The popularity of concurrent transmissions (CT) has soared after recent studies have shown their feasibility on the four physical layers specified by BLE 5, hence providing an alternative to the use of IEEE 802.15.4 for the design of reliable and efficient low-power wireless protocols. However, to date, the extent to which physical layer properties affect the performance of CT has not yet been investigated in detail. This paper fills this gap and provides an extensive study on the impact of the physical layer on CT-based solutions using IEEE 802.15.4 and BLE 5. We first highlight through simulation how the impact of errors induced by relative carrier frequency offsets on the performance of CT highly depends on the choice of the underlying physical layer. We then confirm these observations experimentally on real hardware and with varying environmental conditions through an analysis of the bit error distribution across received packets, unveiling possible techniques to effectively handle these errors. We further study the performance of CT-based data collection and dissemination protocols in the presence of RF interference on a large-scale testbed, deriving insights on how the employed physical layer affects their dependability.

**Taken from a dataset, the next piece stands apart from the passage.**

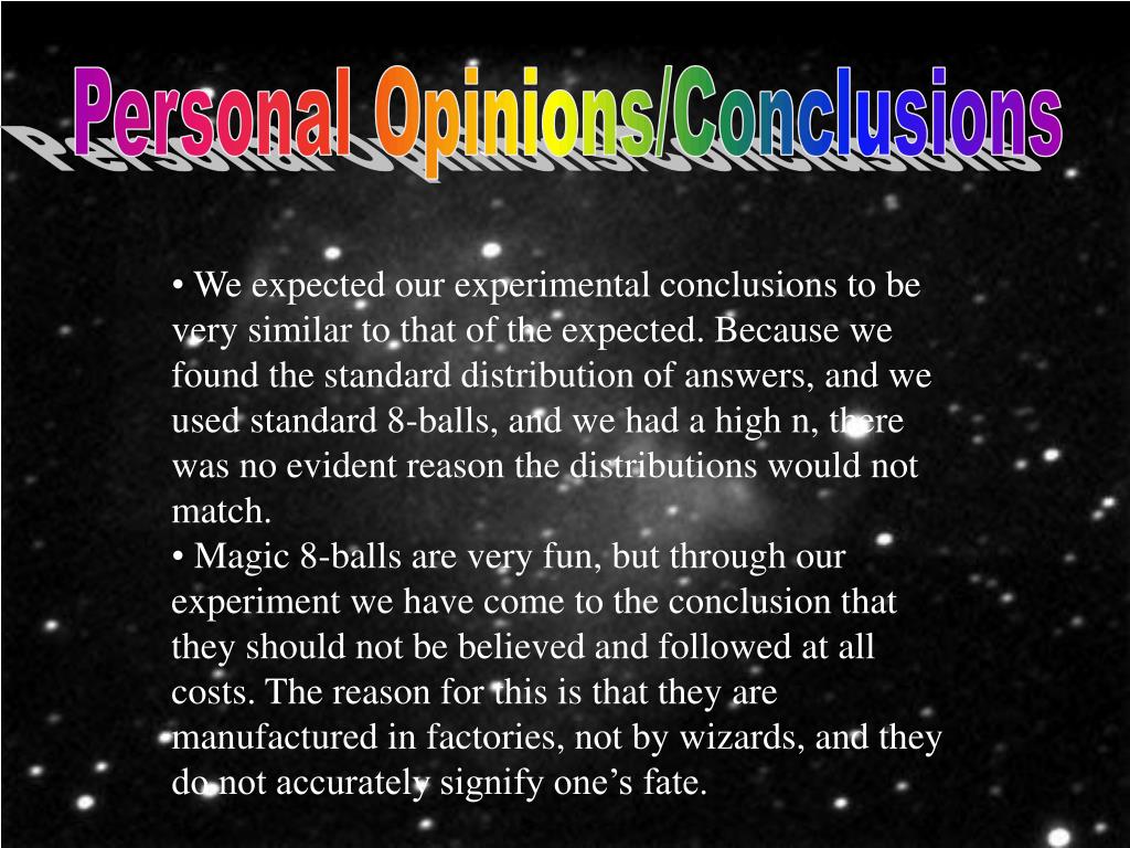 Personal Opinions/Conclusions • We expected our experimental conclusions to be very similar to that of the expected. Because we found the standard distribution of answers, and we used standard 8-balls, and we had a high n, there was no evident reason the distributions would not match. • Magic 8-balls are very fun, but through our experiment we have come to the conclusion that they should not be believed and followed at all costs. The reason for this is that they are manufactured in factories, not by wizards, and they do not accurately signify one’s fate.

翻译：并发传输（CT）的可行性近期在BLE 5所规定的四种物理层上得到验证后，其关注度急剧上升，从而为设计可靠高效的低功耗无线协议提供了IEEE 802.15.4之外的替代方案。然而迄今为止，物理层特性对CT性能的影响程度尚未得到深入研究。本文填补了这一空白，系统研究了基于IEEE 802.15.4和BLE 5的CT物理层影响。我们首先通过仿真揭示：由相对载波频率偏移所引入的误差对CT性能的影响，高度依赖于所采用的底层物理层选择。随后通过分析接收数据包中的误码分布，在实际硬件及变化环境条件下对上述观察进行了实验验证，揭示了有效处理这些误差的可行技术。进一步地，我们在大规模测试平台上研究了射频干扰环境下基于CT的数据收集与分发协议性能，得出了关于所采用物理层如何影响协议可靠性的重要见解。